Thoughts on the military and military activities of a diverse nature. Free-ranging and eclectic.

Friday, May 12, 2006

Nothing?

This is coolbert:

This latest "spy scandal" concerning the National Security Agency [NSA] seems to be a big nothing.

NSA has PURCHASED from various telephone companies the phone records for a period of years. Tens of millions of records have been bought.

Presumably these records are going to be used as part of a data mining project.

Such as the alluded to in the Able Danger program from 2001. Search a vast data bank using sophisticated algorithms to find "connections" and "dots". The much ballyhooed "connect the dots" type of thing.

To uncover possible terrorists in ADVANCE, allowing them to be STOPPED.

Person is calling into a radio talk show this morning.
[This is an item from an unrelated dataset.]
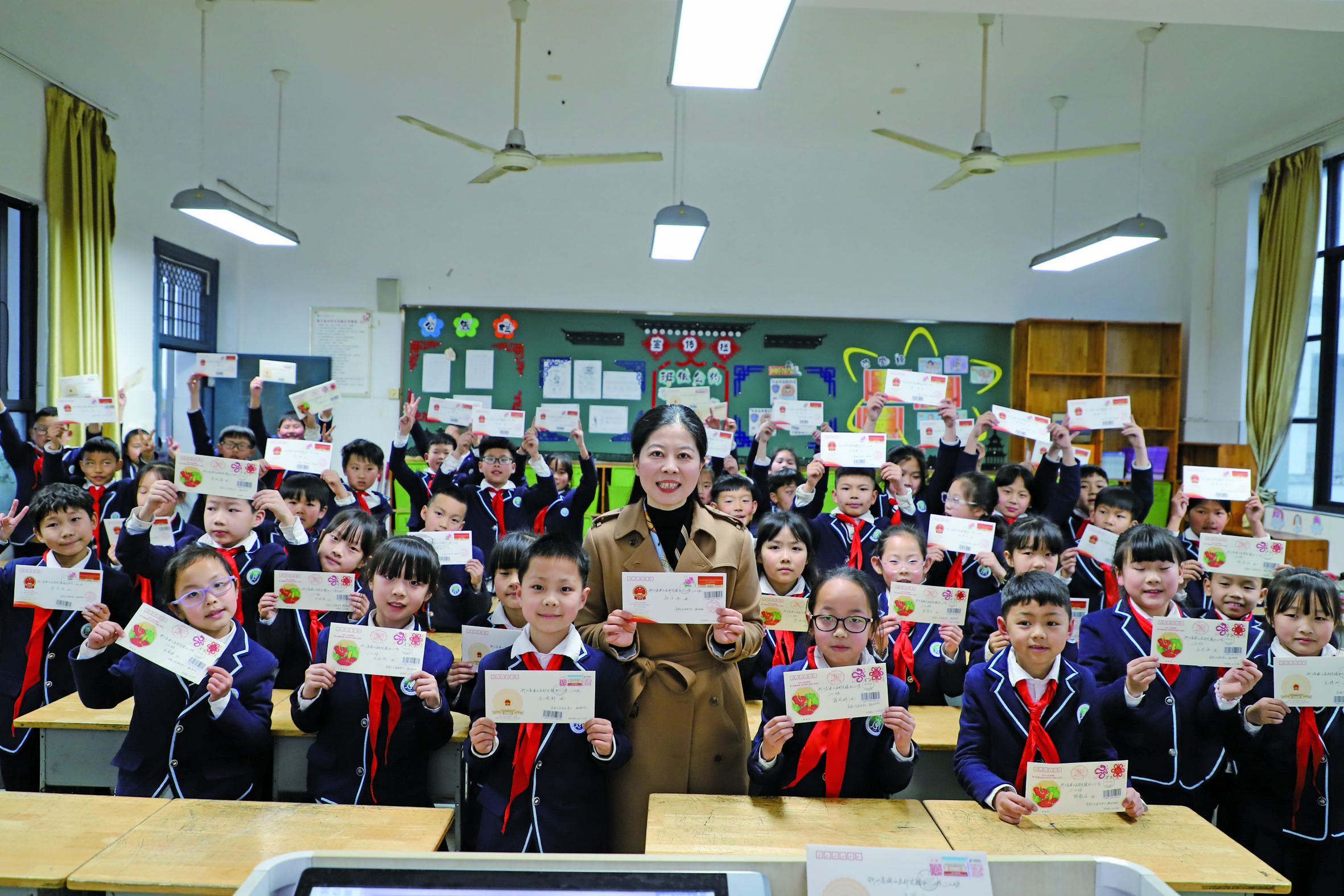 参会期间,祝响响将这批全国两会纪念封、原地封从全国人大会议中心寄出。寄出前,她拿着纪念封在人民大会堂留了影。回到浦江,在课堂上,她在电子屏上打开人民大会堂的照片,人手一张纪念封,和同学们一起合了影,同学们仿佛身临两会现场。与此同时,她还分享了参加全国两会的所见所闻、所思所想。“收到一份来自全国两会的礼物,很意外也很惊喜,通过祝老师的讲解,我感觉这份礼物的特殊意义,也感受到全国两会其实离我们并不遥远。”三(6)班学生王俊楠说。

Man says that he graduated from law school in 2002. The very subject of phone records WAS covered in law school class.

It seems that the subject of telephone records is settled case law.

YOU as the user of a telephone are NOT entitled to considerations of privacy regarding your telephone records.

Telephone records are deemed as 3rd party property.

YOU, the initiator of the phone call, is the 1st party. The recipient of the phone call [the person at the other end], is the 2nd party, and the phone company, keeping records of the phone call, is the 3rd party.

We are talking here about phone records only. Just a record of what number called what number, and when. NOT the actual conversation itself.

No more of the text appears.